- [TASK INPUT]:
###
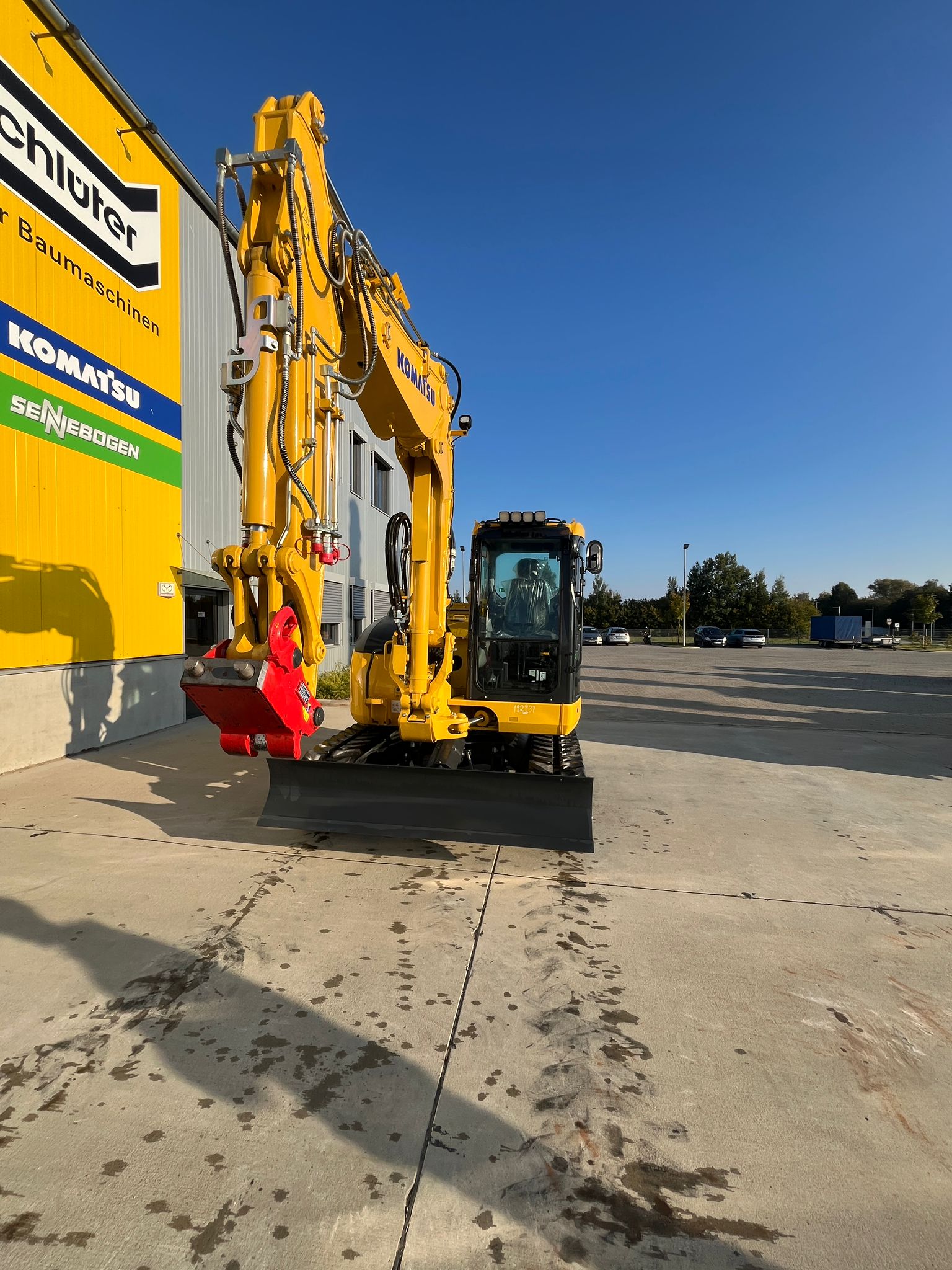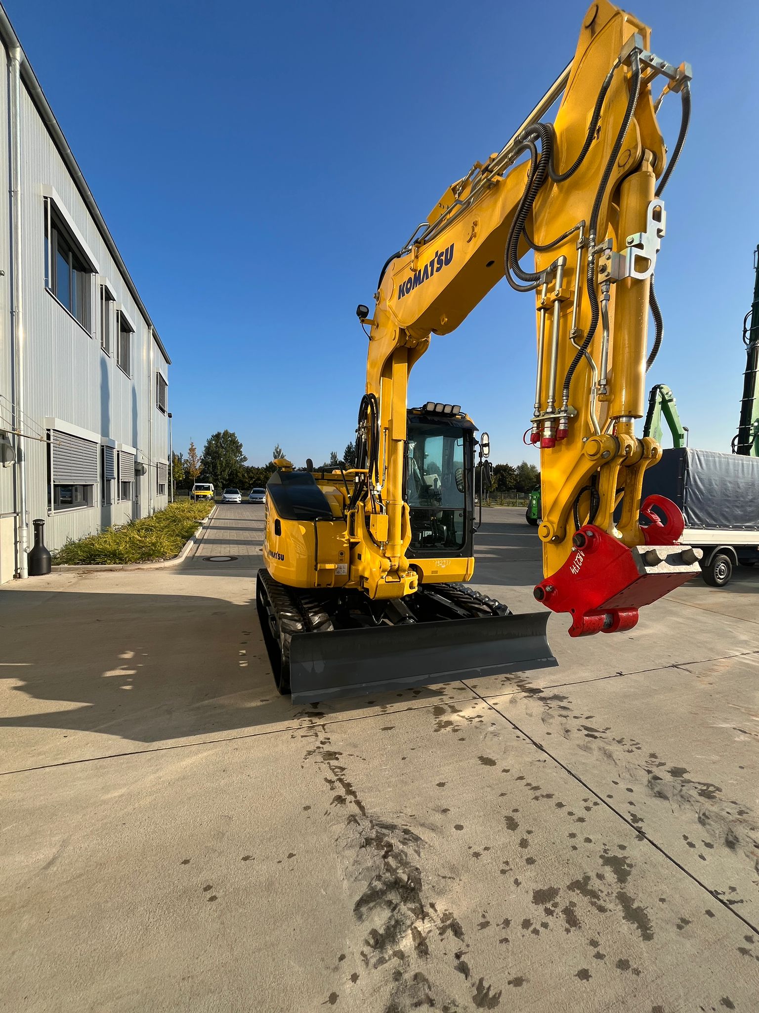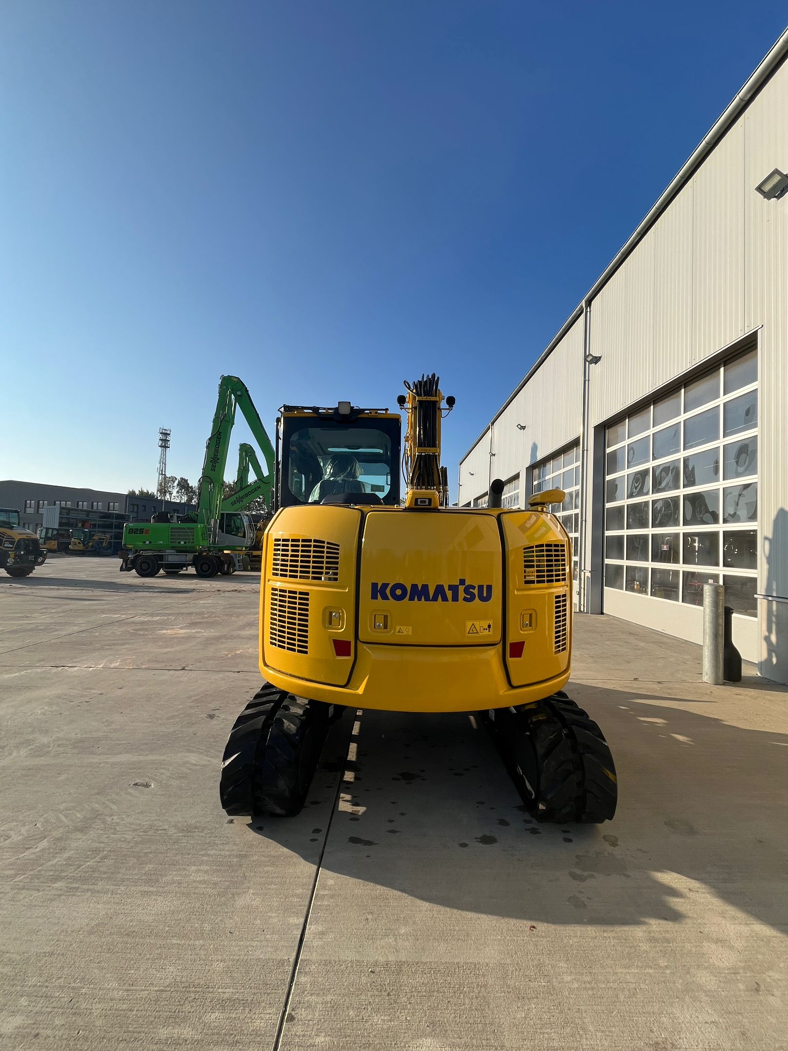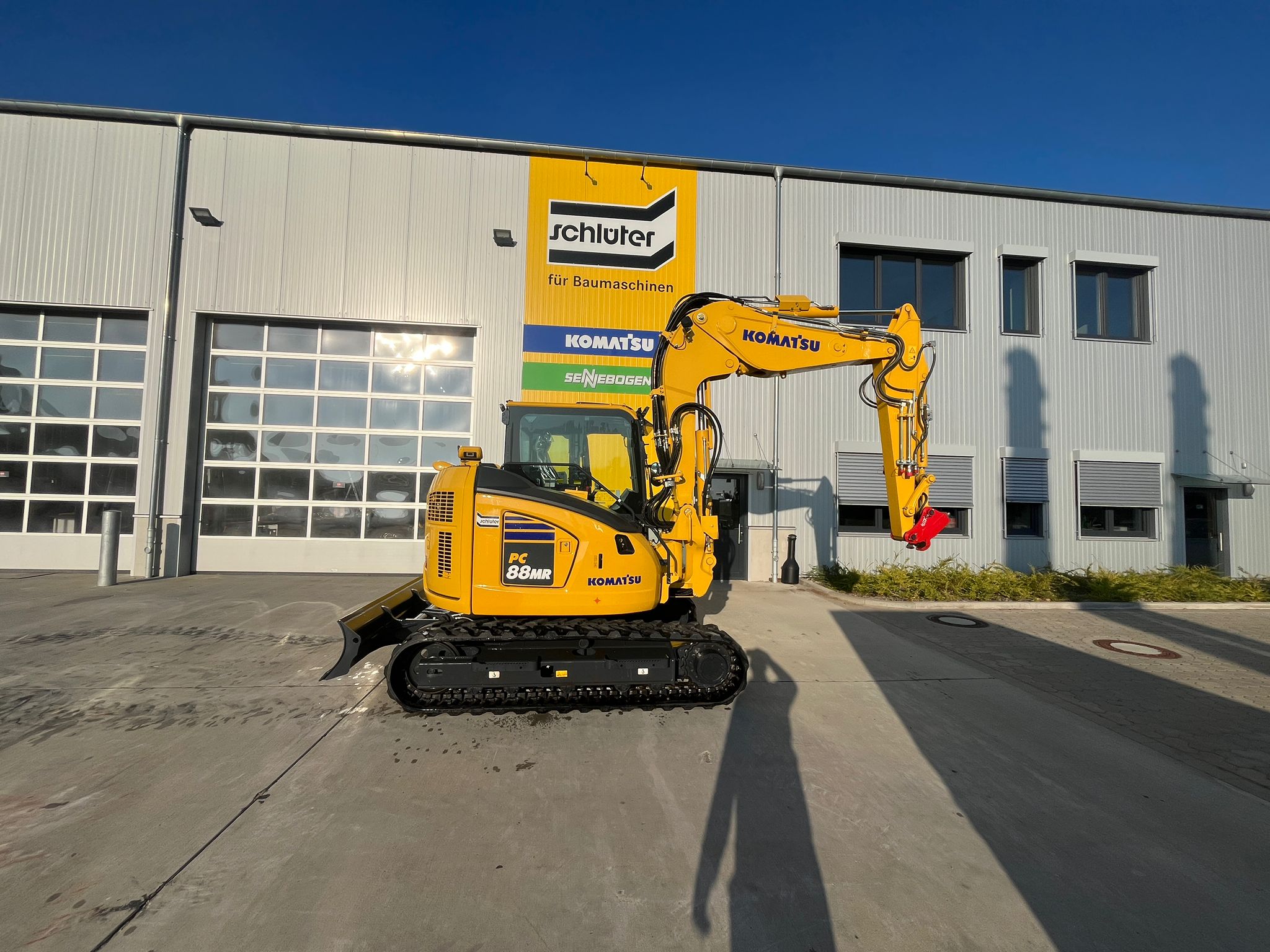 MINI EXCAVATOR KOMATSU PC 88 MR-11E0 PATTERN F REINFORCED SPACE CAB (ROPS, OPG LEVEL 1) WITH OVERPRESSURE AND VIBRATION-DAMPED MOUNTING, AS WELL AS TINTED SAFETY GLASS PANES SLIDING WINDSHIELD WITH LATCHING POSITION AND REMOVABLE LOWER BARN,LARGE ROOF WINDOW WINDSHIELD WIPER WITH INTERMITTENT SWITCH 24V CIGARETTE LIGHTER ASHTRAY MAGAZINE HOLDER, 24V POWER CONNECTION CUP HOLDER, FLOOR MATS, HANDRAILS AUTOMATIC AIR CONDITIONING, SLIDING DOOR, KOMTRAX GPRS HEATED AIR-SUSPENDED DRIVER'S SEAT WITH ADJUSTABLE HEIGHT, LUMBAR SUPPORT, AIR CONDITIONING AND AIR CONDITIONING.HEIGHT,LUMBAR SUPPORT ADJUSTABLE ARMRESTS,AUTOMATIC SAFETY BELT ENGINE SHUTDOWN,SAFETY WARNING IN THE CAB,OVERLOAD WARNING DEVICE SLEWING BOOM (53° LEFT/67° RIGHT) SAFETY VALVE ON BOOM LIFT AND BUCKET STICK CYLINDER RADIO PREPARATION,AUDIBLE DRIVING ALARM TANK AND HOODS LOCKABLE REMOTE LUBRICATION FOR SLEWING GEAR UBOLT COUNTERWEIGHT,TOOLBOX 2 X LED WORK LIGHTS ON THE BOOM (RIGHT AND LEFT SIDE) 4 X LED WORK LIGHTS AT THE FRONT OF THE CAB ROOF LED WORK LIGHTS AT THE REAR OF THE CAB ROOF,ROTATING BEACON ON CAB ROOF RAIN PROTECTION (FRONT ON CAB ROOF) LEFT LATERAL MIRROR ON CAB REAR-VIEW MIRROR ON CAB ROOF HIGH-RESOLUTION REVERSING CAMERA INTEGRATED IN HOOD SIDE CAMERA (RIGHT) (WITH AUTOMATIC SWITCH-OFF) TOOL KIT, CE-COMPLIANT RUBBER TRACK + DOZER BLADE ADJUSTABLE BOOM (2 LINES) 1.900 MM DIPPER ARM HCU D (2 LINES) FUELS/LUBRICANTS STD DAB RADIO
###
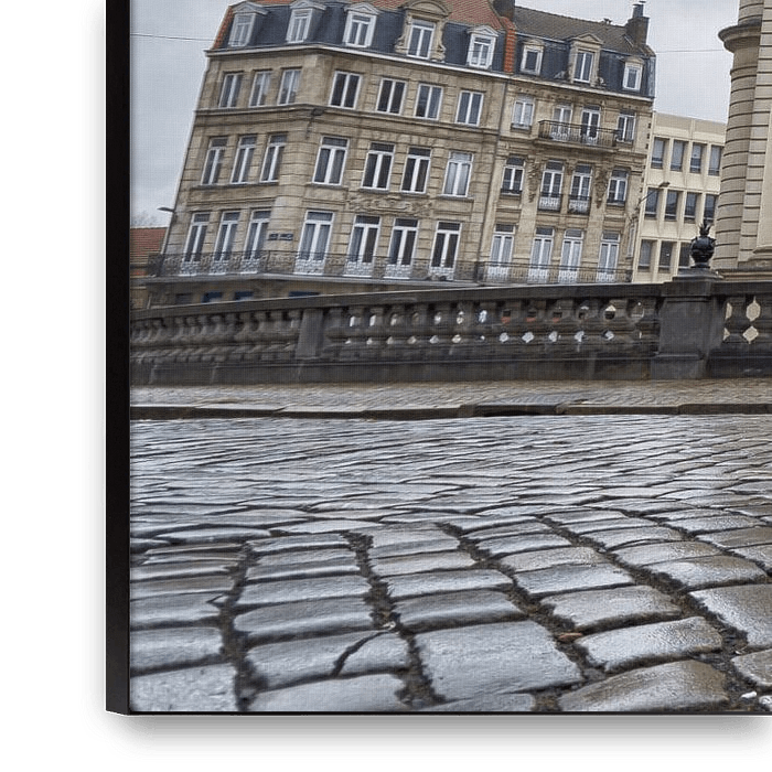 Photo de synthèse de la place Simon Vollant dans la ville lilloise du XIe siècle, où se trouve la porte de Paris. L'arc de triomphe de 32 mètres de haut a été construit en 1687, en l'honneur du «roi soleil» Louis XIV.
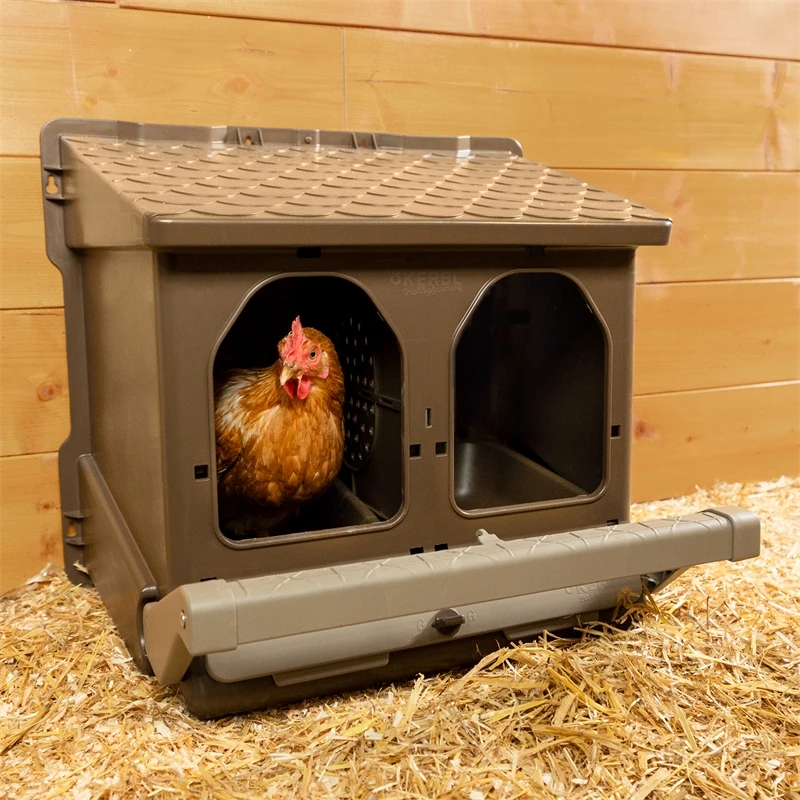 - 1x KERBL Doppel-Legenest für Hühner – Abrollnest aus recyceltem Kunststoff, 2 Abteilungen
###
- [TASK GOAL]: Treat the line with "Photo de synthèse" as the start and the line with "- 1x KERBL Doppel-Legenest" as the end, and return exactly that span of the data above, both ends included, without pictures.

- [ANSWER BELOW]:
 Photo de synthèse de la place Simon Vollant dans la ville lilloise du XIe siècle, où se trouve la porte de Paris. L'arc de triomphe de 32 mètres de haut a été construit en 1687, en l'honneur du «roi soleil» Louis XIV.
 - 1x KERBL Doppel-Legenest für Hühner – Abrollnest aus recyceltem Kunststoff, 2 Abteilungen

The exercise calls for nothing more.